Science

The Question Isn't #DoestItFart but #WhyDoesItFart

Giphy

Beans, beans may be the magical fruit — but according to scientists, more than humans go toot. In the latest example of crowdsourced science, researchers are answering the question of #doesitfart on Twitter, satisfying the intellectual curiosity of anyone who’s ever wondered if millipedes pass gas (they do).

If scrolling through Twitter looking for answers to your existential fart questions isn’t your hobby of choice, you can also check out this Google Spreadsheet, which as of Wednesday categorizes the farting habits of 60 animals. The hashtag was created by Dani Rabaiotti, a Ph.D. student affiliated with the Zoological Society of London, and the spreadsheet was kicked off by Nick Caruso, a salamander researcher at the University of Alabama.

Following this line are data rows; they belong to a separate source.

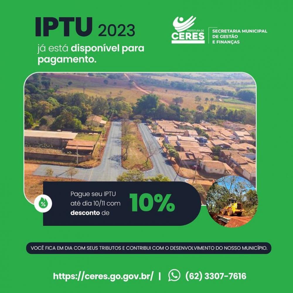 “Pague seu IPTU até dia 10 de Novembro e ganhe 10% de desconto! Ficar em dia com seus tributos é contribuir para o progresso do nosso município.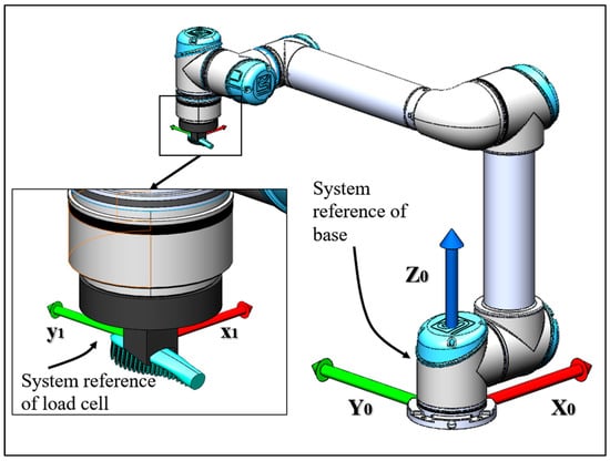 As previously disclosed, the tip of the Robot is programmed to follow a circular motion with a radius of 20 mm. The circular path analysis is also created with the multibody model previously described. The model has six motion constraints that bind the toothbrush base to follow the same circular trajectory as the experimental. Moreover, the trajectory that the Robot follows was checked in the postprocessing of the experimental results to be the same as the one imposed and shown in Figure 6, with the reference frame of the robot tool center point (TCP) highlighted.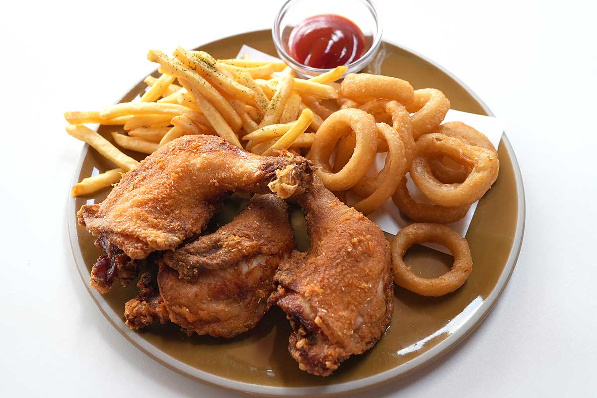 プレミアムチキン3本・オニオンリング・ポテトフライがついた、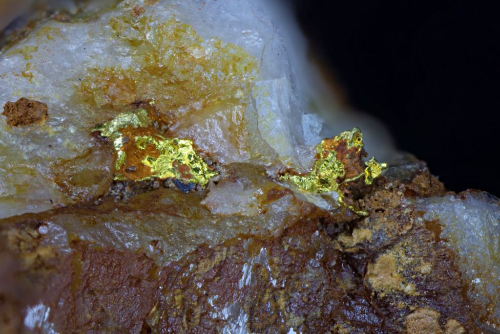 0885 Gold, Placerville (Hangtown), Placerville Mining District, Mother Lode Belt, El Dorado Co., California, USA December 13, 2021 Pendleton California North and Central Americas United States Hackly gold in a quartz vein. Ex John Sobolewski. Width of view 5mm. Stack of 50 images. Click on the image below for a higher resolution version.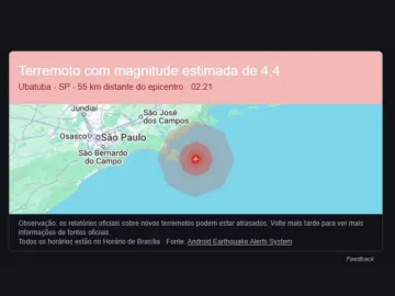 Moradores de diversas regiões do estado de São Paulo foram surpreendidos, na madrugada desta sexta-feira (14), com um alerta de terremoto emitido pelo sistema de detecção de tremores dos celulares Android. A notificação indicava a possibilidade de abalos sísmicos com magnitudes de 5,5 no litoral do estado.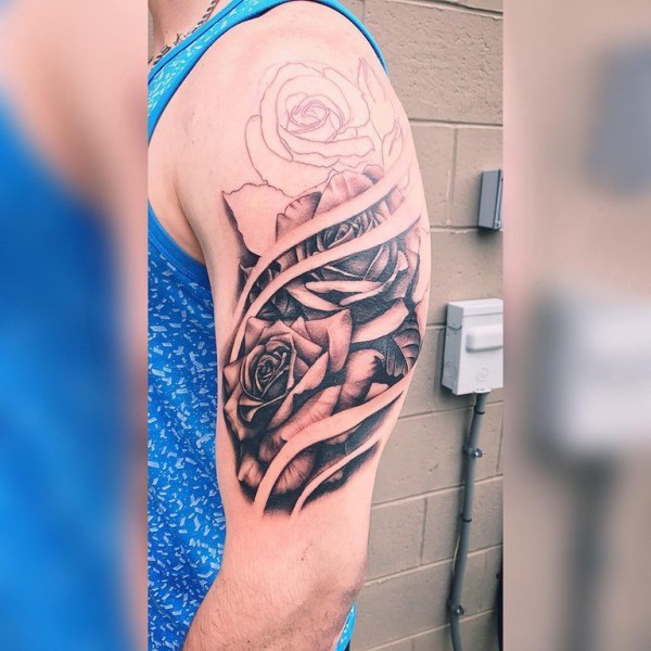 欧美玫瑰纹身 男生手臂上黑色纹身欧美玫瑰纹身图片
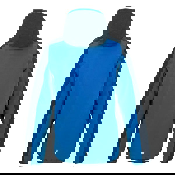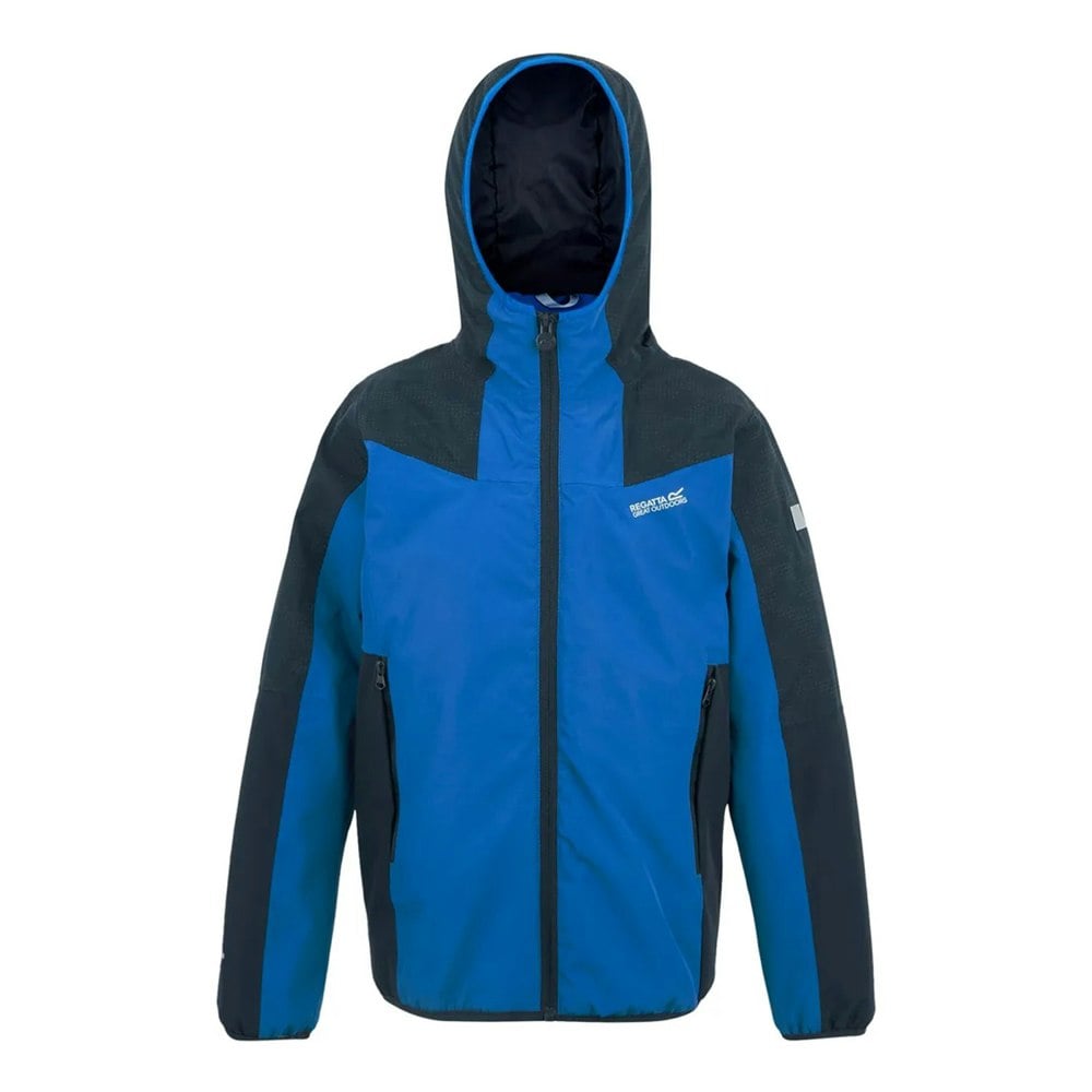 Regatta Kids Volcanics Reflective Waterproof Jacket in navy/snorkel blue. Made from recycled materials with a 100% polyester outer, this hooded, long-sleeved jacket uses Isotex fabric technology with a durable water repellent finish. Waterproof and windproof construction is supported by taped seams, with a breathable rating of 15000g/m²/24hrs.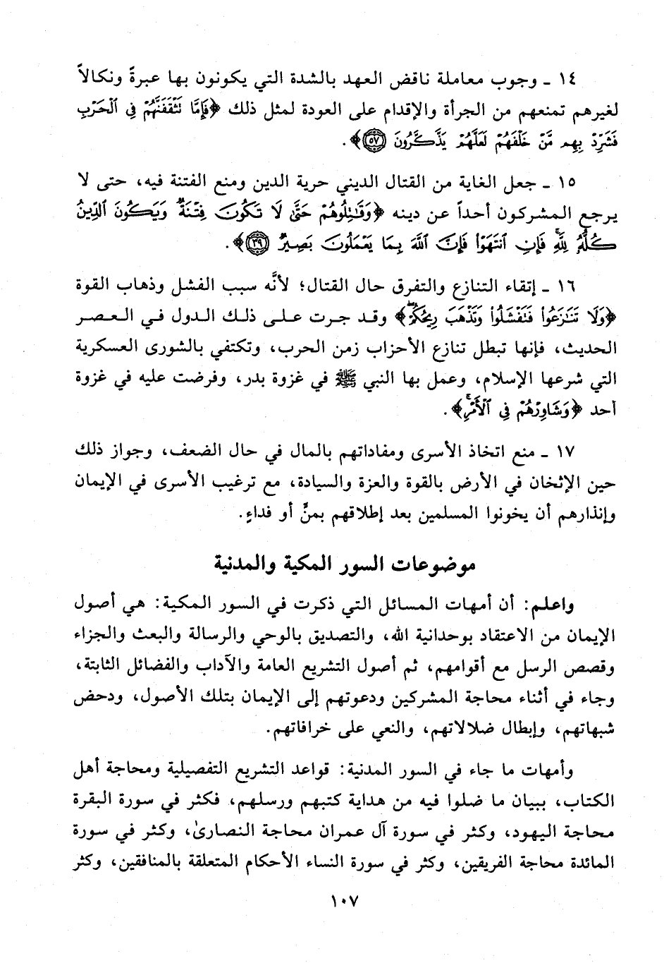 16 - إتقاء التنازع والتفرق حال القتال؛ لأنَّه سبب الفشل وذهاب القوة {وَلَا تَنَازَعُوا فَتَفْشَلُوا وَتَذْهَبَ رِيحُكُمْ} وقد جرت على ذلك الدول في العصر الحديث، فإنها تبطل تنازع الأحزاب زمن الحرب، وتكتفي بالشورى العسكرية التي شرعها الإِسلام، وعمل بها النبي - صلى الله عليه وسلم - في غزوة بدر، وفرضت عليه في غزوة أحد {وَشَاوِرْهُمْ فِي الْأَمْرِ}.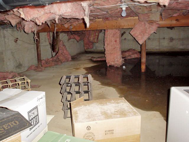 Wet fiberglass batts hanging from the floor joists is a common crawl space problem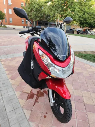 Moto Honda PCX 125 en color rojo. 20122 - Diseño moderno y deportivo. - Parabrisas oscuro. - Espejos retrovisores negros. Año 2012 Tiene un raspón en lateral Incluido en el precio puños calefactables,pitón de puño y manta. ITV recién pasada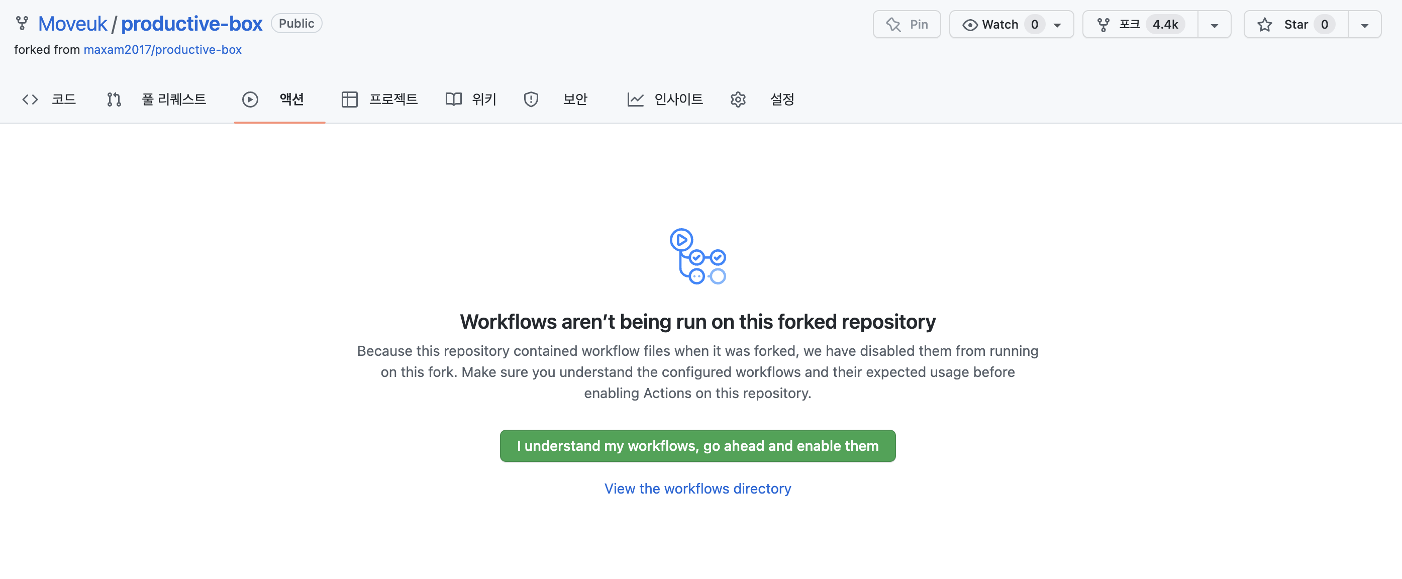 2. fork 해온 나의 repository에서 Action 탭에서 Action을 `enable`로 활성화 하기!

While it’s certainly fun to learn that birds don’t fart and snakes do, scientists also see the hashtag as a way to get more people into science.

“I don’t know if animal flatulence questions can serve as a significant gateway to a greater appreciation of biodiversity, but it is always fun to see what captures people’s attention,” David Steen, a snake expert who answered the first #DoesItFar question, tells The Washington Post. “It is at least an opportunity to engage with a larger audience and bring new folks into the conversation.”

So why do some animals fart? Animals that fart do so because of the way that food is broken down in their bodies — their guts contain gas-forming bacteria that helps the breakdown of food. Birds, per Popular Science, have the “anatomical and physical ability to pass gas” but their gastrointestinal track lacks this bacteria.

And an animal that farts is a healthy animal (despite what unhealthy things the methane in farts does to the environment). Researchers believe that food bringing nutrients to the gut, and strong gut flora is what allows us to be physically and psychologically healthy.

But for some animals, farting does a lot more than keep the body well. Herring, for example, release little farts at night that allow the schools of fish to communicate to each other. Meanwhile, the beaded lacewing, a winged insect, farts on termites when it is an infant in order to paralyze and eat them.